In theory, yes. But you'd need to reboot the OS into some kind of diagnostics otherwise you're asking the OS to attest to itself - and if it's been trojaned, you can't trust the OS because the first thing any sensible trojan will do is cover its own tracks.
In practise, if you want a 100% guarantee that any malware has been eradicated, the only solution is a rebuild.
You've most probably been been buying crap routers. D-link, Belkin, Linksys, Netgear - for chuff's sake, they might as well be branded "Barbie (or Action Man) My First Router". Treat yourself to a nice ZyXel router, and you might forget you even have a router in your network.
Je fume. Tu fumes. Nous fûmes!
Why did that annoy you?
Why does Windows get all the press? It's not fair! I want to see some coverage of stupid holes in Linux and the free BSDs!
Please correct me if I got my facts wrong.
Yep.
My old gateway with two 3com 3c905 and FreeBSD laughs at the measly bit torrent connections I throw at it. Before I set that up a few years ago, I had similar experiences with consumer grade networking gear.
I don't always use unix-like operating systems; but when I do, I prefer FreeBSD.
What makes you believe that a (home) router, which is a small microcontroller with some dedicated firmware running on it, will outperform a modern PC that has 10-20 times more CPU power available?
Actually, he's probably partly referring to the routers flooding their wireless connection which happens with Zyxel routers too./ index.html?chart=124
http://www.tomsnetworking.com/lans_routers/charts
You set up a p2p like bittorrent that is willing to use a lot of simulataneous connections and it floods your router and your connection drops.
Of course, it does sound like a lot of routers(1 a month?) to go through so if he's returning a lot of dead routers, a possible power problem in the home is possible.
according to this sans article the DOS attacks comes from outside.

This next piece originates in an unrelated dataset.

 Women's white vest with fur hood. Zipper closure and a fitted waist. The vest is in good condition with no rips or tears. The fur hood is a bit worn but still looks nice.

If i understand it is with a corrupted DNS reply packet.
Eliza? That you?
AT&ROFLMAO
So I see dozens of comments about "Its no big deal, you have to be on the lan". Am I the only one that hasn't forgotten how common wireless networks are and how trivial it is to gain access to most of them?
The only change I can believe in is what I find in my couch cushions.

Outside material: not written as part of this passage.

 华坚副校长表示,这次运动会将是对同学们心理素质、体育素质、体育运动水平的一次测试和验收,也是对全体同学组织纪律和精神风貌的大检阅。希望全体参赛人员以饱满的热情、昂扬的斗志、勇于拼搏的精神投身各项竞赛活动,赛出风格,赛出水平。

It's better to be the foot on the boot than the face on the pavement. ~~ tkx Kadin2048
I have a Linksys WRT54GL router (http://en.wikipedia.org/wiki/WRT54GL). It uplinks via 36-54mbit (depending on conditions) wireless connection, and acts as a router for a network of ~10 computers with quite heavy p2p traffic. It is stable and rarely slows down. Of course, I run a custom linux firmware on top of it (HyperWRT Thibor, original firmware sucks quite bad).
Oh, and it cost me ~70 USD.
--Coder
Because you can't meaningfully implement NAT on a single-machine "network"?
Justice is the sheep getting arrested while an impartial judge declares the vote void.
The smaller ZyXel routers use a traditional transformer power pack with 12V AC output. Judging by the temperature rise, the on-board regulator is most probably a switched-mode type. I'd guess this would be quite tolerant of power surges, just with the presence of a mains transformer (hefty inductance; doesn't like rapidly-changing current). The "surge suppressor coils" found in cheap, switched-mode power packs are laughable. A well-designed power supply should fail safely and protect the connected equipment, but cheap ones often aren't well-designed.
As for the wireless stuff, well, that's too bad. But your computer already needs one connection to the wall to get its power. Will one more for data kill you?
Je fume. Tu fumes. Nous fûmes!
As for the wireless stuff, well, that's too bad. But your computer already needs one connection to the wall to get its power. Will one more for data kill you?
No, but my girlfriend nearly did when I started laying bright yellow cat5 cable in the house...
It's official. Most of you are morons.